Firefly is developing small rockets and needed to partner with someone who could build a lander.  According to NASA, under the terms of the CLPS contract, companies must be 100 percent American owned, but may partner with international companies as long as 51 percent of the components, all manufacturing of the landers, and 100 percent of launch services occur on U.S. soil.

Beresheet means Genesis in Hebrew.  The companies are using the English word for this lander.

Kathy Warden Named Chairman of Northrop Grumman

Kathy J. Warden, president and CEO (and incoming chairman), Northrop Grumman

The board of directors of Northrop Grumman has named Kathy Warden as its new chairman, effective August 1.  She has been at the company since 2008.  Previously she held leadership positions at General Dynamics and at Veridian. She has bachelor’s and master’s degrees in business administration from James Madison University and George Washington University respectively.

Last year, Wes Bush was chairman and CEO of the company and Warden was president and COO.  Bush stepped down as CEO on January 1 and Warden became president and CEO.  Bush remained as chairman for a transition period that ends July 31.  Warden will then take on that role as well, so she will be chairman, president and CEO.
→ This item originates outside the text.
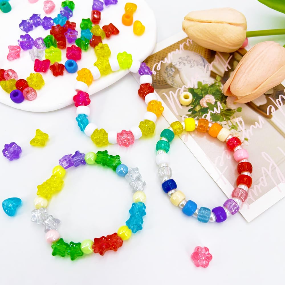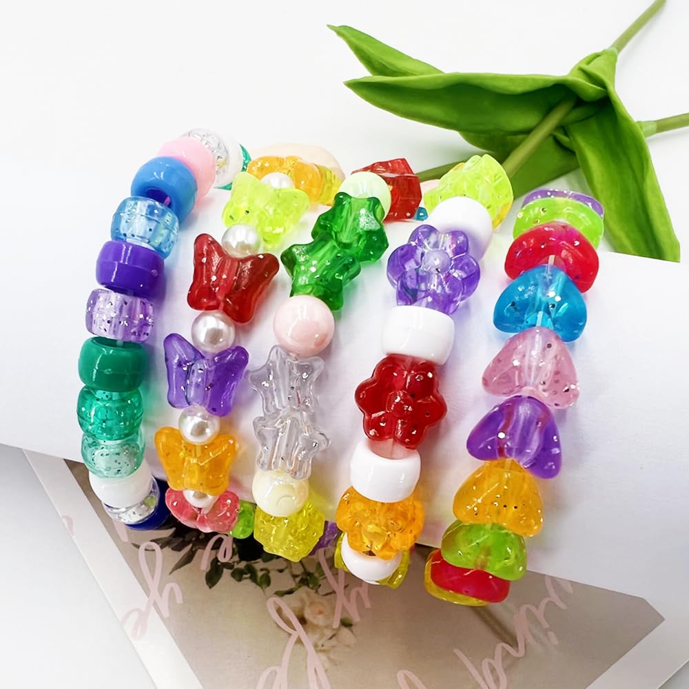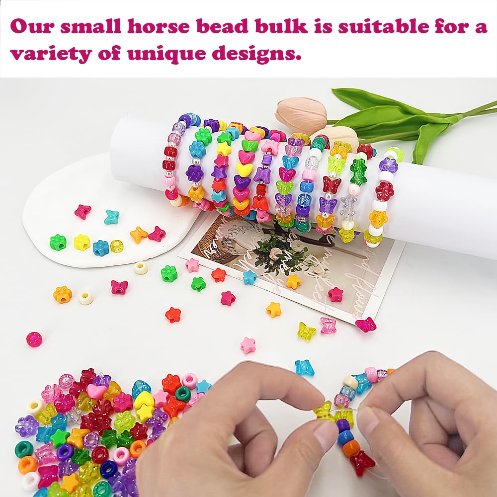 MIIIM 1000Pcs 6x9mm Pony Beads Shapes in 5 Styles 21 Colors, Heart, Star, Butterfly, Flower, Assorted Kandi Beads for Friendship Bracelet, Big Hole Hair Braids Crafts, Jewelry Making (Multi-Glitter)

She is one of several women running big aerospace companies or major components thereof.  Marillyn Hewson is chairman, president and CEO of Lockheed Martin.  Eileen Drake is CEO and president of Aerojet Rocketdyne.   Gwynne Shotwell is president of SpaceX.  Leanne Caret is president and CEO of Boeing Defense, Space & Security.  Though more defense than space, the CEO of General Dynamics is also a woman, Phebe Novakovic.  Lockheed Martin, Northrop Grumman, Aerojet Rocketdyne and Boeing are four of the five largest U.S. aerospace and defense companies.  Raytheon is the fifth. Its chairman and CEO is Thomas Kennedy.

Mike French Moves to Aerospace Industries Association

Mike French, Vice President-Space Systems, Aerospace Industries Association. Source: French’s LinkedIn page.

Mike French is the new Vice President-Space Systems of the Aerospace Industries Association (AIA).  French is well known in space policy circles having served as Deputy Chief of Staff and then Chief of Staff for NASA Administrator Charlie Bolden.  More recently, he was Senior Vice President-Commercial Space at Bryce Space and Technology.  He has a bachelor’s degree in business administration from UC Berkeley and a J.D. from Harvard.

He just started in his new position and already will be testifying to Congress next week.  He is one of the witnesses for the House Science, Space, and Technology subcommittee hearing on the Commercial Space Landscape next Thursday.

AIA is the “voice” of the U.S. aerospace and defense industry, with nearly 340 member companies. It advocates for “effective federal investments; accelerated deployment of innovative technologies; policies that enhance our global competitiveness; and recruitment and retention efforts that support a capable and diverse 21st century workforce.”

Also testifying at the hearing are Bhayva Lal from IDA’s Science and Technology Policy Institute (STPI); Carissa Christensen from French’s former company, Bryce Space and Technology; and Eric Stallmer of the Commercial Spaceflight Federation.